Не найдя в лесной хижине царевны Видехи, Рама предается глубокому отчаянью. Он горько упрекает брата Лакшману, оставившего несчастную Ситу в одиночестве. Рыдая, сетуя, мечется он вокруг хижины, подобно человеку, утратившему рассудок.

 «О дерево кадамба, не видало ли ты моей любимой? О розовая бильва, не знаешь ли, где прекрасная Сита?» – горестно восклицает царевич Кошалы. Тщетно обращается он ко всем обитателям леса. Молчит и река Годавари, страшась грозного Раваны. Только олени, пришедшие к ней на водопой, зачем‑то побежали к югу и возвратились назад. Это повторялось трижды, покуда Лакшмана не догадался, что олени указывают путь ему и Раме. Вняв безмолвному совету лесных оленей, сыновья Дашаратхи направились к югу. Вскоре увидали они обломки золотой колесницы, расколотый надвое лук, обильно украшенный жемчугами, и разбитые золотые доспехи, щедро усыпанные изумрудами.

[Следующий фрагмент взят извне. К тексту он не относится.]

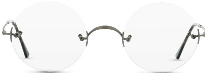
Classic Rund AS UVP: 339,- Euro Material: Metall Farbe: Antik Silber

 «О Лакшмана, – вскричал Рама, – чье это снаряженье, блистающее, как солнце в зените? Кому принадлежат зеленые кони, лежащие на земле? Чей возничий, лишенный признаков жизни, покоится среди обломков золотой колесницы?»

 Об этом узнали сыновья Дашаратхи, когда набрели на умирающего царя ястребов, Джатайю. Он поведал Раме и Лакшмане о похищении царевны Видехи. «Властитель ракшасов унес ее на юг… Не отчаивайся, ты найдешь Ситу и соединишься с ней, убив Равану на поединке», – успел сказать Раме престарелый царь ястребов. Это были его последние слова.

 Тело Джатайю братья‑царевичи предали огню со всеми почестями, подобающими доблестному воителю и верному другу.

 Пробираясь далее на юг, Рама и Лакшмана совершили подвиг, освободив от заклятья безголовое чудовище, ракшаса Кабандху, который в прежнем своем рождении был полубогом. По просьбе Кабандхи, царевичи сожгли его на костре. Из пламени костра поднялся юный и прекрасный полубог. Прежде чем вознестись на небо в колеснице, запряженной белыми лебедями, он посоветовал сыновьям Дашаратхи отправиться на западный берег озера Пампа: там, в пещере горы Ришьяму́кха, скрывается повелитель обезьян Сугрива, утративший свое царство. Он призван, по словам Кабандхи, помочь Раме и Лакшмане отыскать Ситу.

 Братья пустились в путь и по прошествии нескольких дней достигли дивного озера Пампа. Ранняя весна придавала ему невыразимое очарование.

 

Хануман не находит Ситы

Часть 5

 

В коровьем стаде – бык, олень средь ланей,

Зажегся месяц ясный в звездном стане.

Его шатер из лучезарной ткани

Над Мáндарой мерцал и в Океане.

Его лучей холодное сиянье

Оказывало на волну влиянье,

На нет сводило черноты зиянье, –

С мирскою скверной – тьмы ночной слиянье.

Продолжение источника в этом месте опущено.